Atlas looks like the most insane home video-gaming experience


As video games have become more and more realistic over the past few decades, we are quickly approaching the dream of the movie Tron: to be able to actually physically exist within our games, to bring a new level of immediacy to the act of playing.

Improvements in graphics have made this partly possible; innovative systems like the Oculus Rift gaming headset, which you wear over your eyes to plunge yourself into those graphics, have inched us even closer. But with the Oculus Rift, you still have to be sitting down as your character moves, so you don't get the full out-of-body experience you might want with virtual reality.

A wild new concept from developer Aaron Rasmussen appears to take this idea to the next level. It's called Atlas, and it uses Oculus Rift, an iPhone and motion tracking sensors to allow you to insert yourself into the game you are playing, mapping the environment of a video game into the physical space you are inhabiting.

So, for example, you can turn a basketball court into a war zone, or your living room into Super Mario World. Wherever you walk in the real world, your character walks in the game; and looking through the lens of Rift, you sense that you really are the character moving about in the level.

The potential shortcomings are fairly obvious: Not everyone has a large enough open space to lay down 20 markers, nor access to a private basketball or tennis court on which to run around freely within a video game. And, too, it would take a pretty intense gamer to lay these markers down in public, slap a headset on their face and run around with a toy gun for all to see. You already look pretty goofy just sitting down while operating an Oculus Rift; imagine traipsing around a public park wearing one. 

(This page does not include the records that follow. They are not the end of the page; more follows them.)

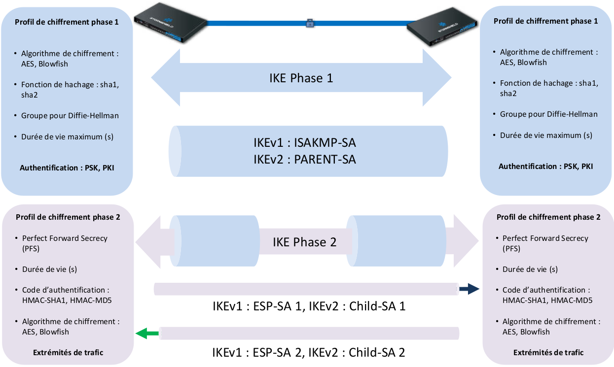 Phase 2 : Les deux extrémités vont négocier le profil de chiffrement de la phase 2 et les extrémités de trafic qui permettront la communication à travers le tunnel. Deux canaux sont ouverts pour le transmission des données, un pour chaque direction. Chaque canal utilise sa propre clé de chiffrement appelée CHILD-SA1 et CHILD-SA2. Chaque extrémité possédera donc deux clés symétriques, une pour chiffrer les données à envoyer et l'autre pour déchiffrer les données reçues dans l'autre canal.
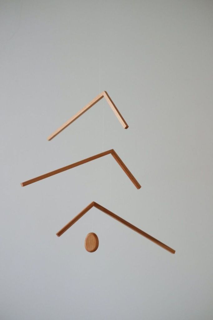 Мобиль, являясь украшением интерьера, должен висеть там, где достаточно места для его свободного движения, на уровне глаз или чуть выше.
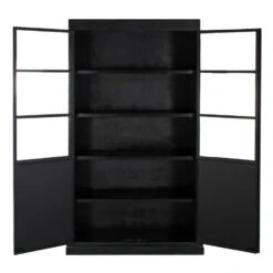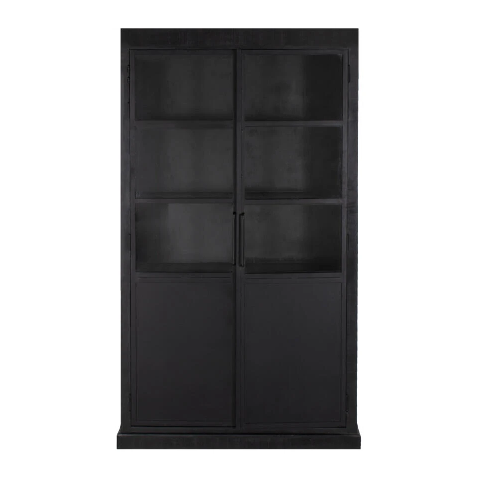 Giga Meubel Vitrinekast Zwart – Mangohout & IJzer – 2-Deurs
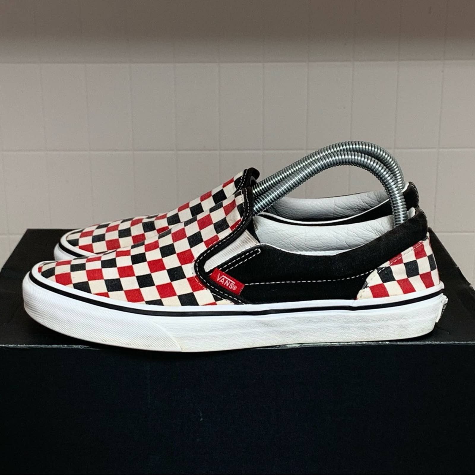 Red checkered slip on shop
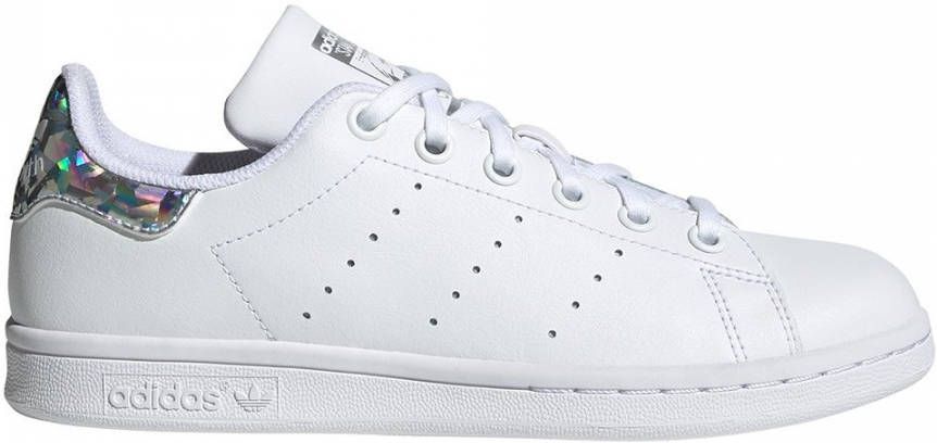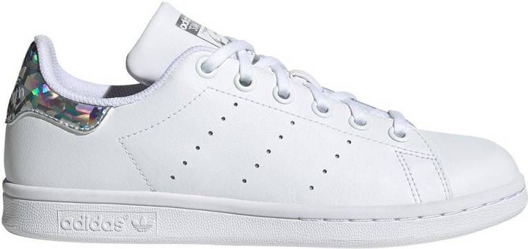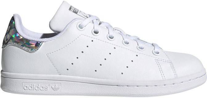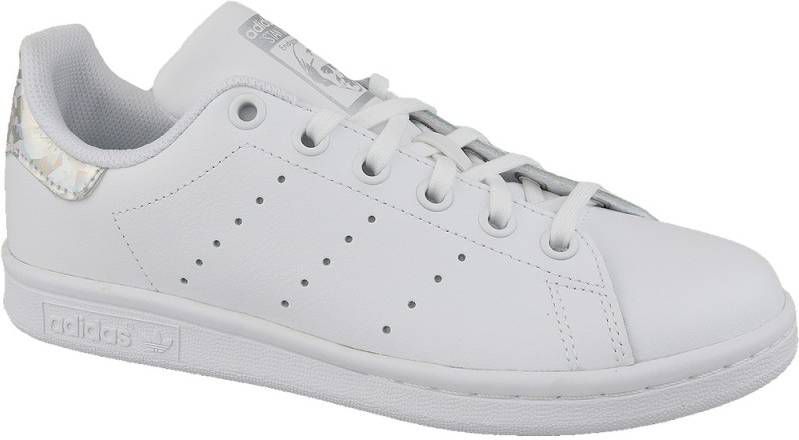 adidas Originals Stan Smith, sneakers voor jongens en meisjes met vetersluiting in de kleur wit. Deze karakteristieke adidas Originals sneakers, zijn gemaakt van getrommeld leer met een metallic hielstuk en komen uit de all season collectie. De sneakers hebben een uitneembare binnenzool. Op de achterkant een print met het Trefoil-logo en de tekst stan smith. Door de geperforeerde 3-Stripes houden de sneakers zn beroemde stijl. De binnenkant is gevoerd met kunstleer en polyester. De rubberen buitenzool heeft een anti-slip laag.

And if you're not comfortable with the outdoors experience, and you happen to own a home with a large indoor space, there is another obstacle: walls. But Rasmussen rejects that concern. First, he says, game developers will be able to warn players when they are getting close to the walls within the game itself; the room mapping allows for that. And second, "What we found amazing when letting friends try the system is they are very resistant to the idea of walking through even virtual walls. Your brain has spent many years learning that walking through walls is a bad idea, which is why this sort of system can be so much fun."